As another example, a plurality of choppers may be provided, such as the two choppers shown in US2014/0031096, which is incorporated herein by reference for all that it teaches. In this arrangement, the chopper blades function is vanes to steer and direct the crop laterally outward away from the agricultural harvester. The ECU 302 in this arrangement can be coupled to the chopper motors to vary the relative speeds of the motors and therefore the relative distribution of MOG to the left and to the right. The chopper motors in this arrangement collectively constitute the actuator 202.

As another example, multiple actuators 202 can be provided to control one or more individual vanes. In this manner, one or more vanes on one side of the agricultural harvester can be steered by the ECU 302 independently of vanes on the other side of the agricultural harvester.

As another example, the ECU 302 may be programmed to achieve an unequal distribution of MOG on the ground behind the agricultural harvester such that more MOG is distributed on one side of the agricultural harvester that is spread on the other side of the agricultural harvester. In this case, the ECU 302 would be programmed to compare the signals from the first and second ultrasonic sensors and to maintain a nonzero difference between the signals.

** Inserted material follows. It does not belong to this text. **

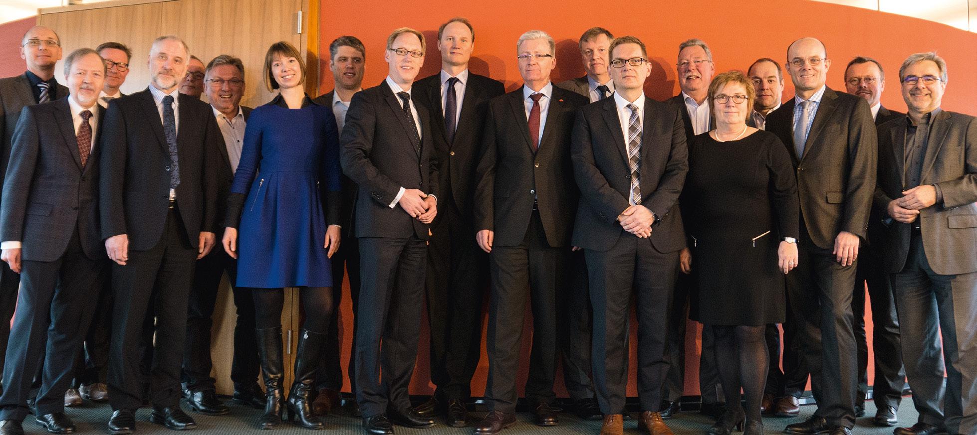 Gedränge vor der Rotunde des Hamburger Hauses der Wirtschaft Ende Januar: Vorstand und tarifpolitischer Ausschuss von NORDMETALL tagten in großer Besetzung gemeinsam, um die Agenda für das Jahr 2017 zu diskutieren. Unter Leitung von NORDMETALL-Präsident Thomas Lambusch (6.v.r.) wurden unter anderem

This nonzero difference between the signals would result in more MOG being spread on one side of the agricultural harvester than is spread on the other side of the agricultural harvester.

Claims

1. A MOG sensing system for a residue spreader of an agricultural vehicle (100) comprising:

a first ultrasonic sensor (204) configured to be mounted on the agricultural vehicle (100);

a second ultrasonic sensor (206) configured to be mounted on the agricultural vehicle (100); and

an ECU (302) coupled to the first ultrasonic sensor (204) and the second ultrasonic sensor (206);

wherein the ECU (302) is configured to combine signals from the first ultrasonic sensor (204) and from the second ultrasonic sensor (206) and to determine a MOG distribution of MOG ejected from the agricultural vehicle (100) based upon the combined signals.

2. The MOG sensing system for a residue spreader of an agricultural vehicle (100) of claim 1, wherein the first ultrasonic sensor (204) is directed toward a stream of MOG ejected from the agricultural vehicle (100), and wherein the second ultrasonic sensor (206) is also directed toward the stream of MOG ejected from the agricultural vehicle (100).

3. The MOG sensing system for a residue spreader of an agricultural vehicle (100) of claim 1, wherein the first ultrasonic sensor (204) and the second ultrasonic sensor (206) are configured to produce a signal indicative of the amount of MOG ejected from the agricultural vehicle (100).

4. The MOG sensing system for a residue spreader of an agricultural vehicle (100) of claim 1, wherein the ECU (302) is configured to determine a relative magnitude of signals received from the first ultrasonic sensor (204) and from the second ultrasonic sensor (206).

5. The MOG sensing system for a residue spreader of an agricultural vehicle (100) of claim 4, wherein the ECU (302) is configured to control a direction of ejection of MOG from the agricultural vehicle (100) based upon a combination of the signals from the first ultrasonic sensor (204) and the second ultrasonic sensor (206).

6. The MOG sensing system for a residue spreader of an agricultural vehicle (100) of claim 1, further comprising an actuator (202) and at least one steering member (124) coupled to the actuator, wherein the ECU 302 is configured to control the actuator (202) to turn the at least one steering member (124) in a direction to change a difference in signal magnitude of signals by the first ultrasonic sensor (204) and the second ultrasonic sensor (206).

7. The MOG sensing system for a residue spreader of an agricultural vehicle (100) of claim 6, wherein the at least one steering member (124) comprises a plurality of steering members (124) that are simultaneously positioned by the actuator (202).

8. An agricultural vehicle (100) having a MOG sensing system in accordance with claim 1.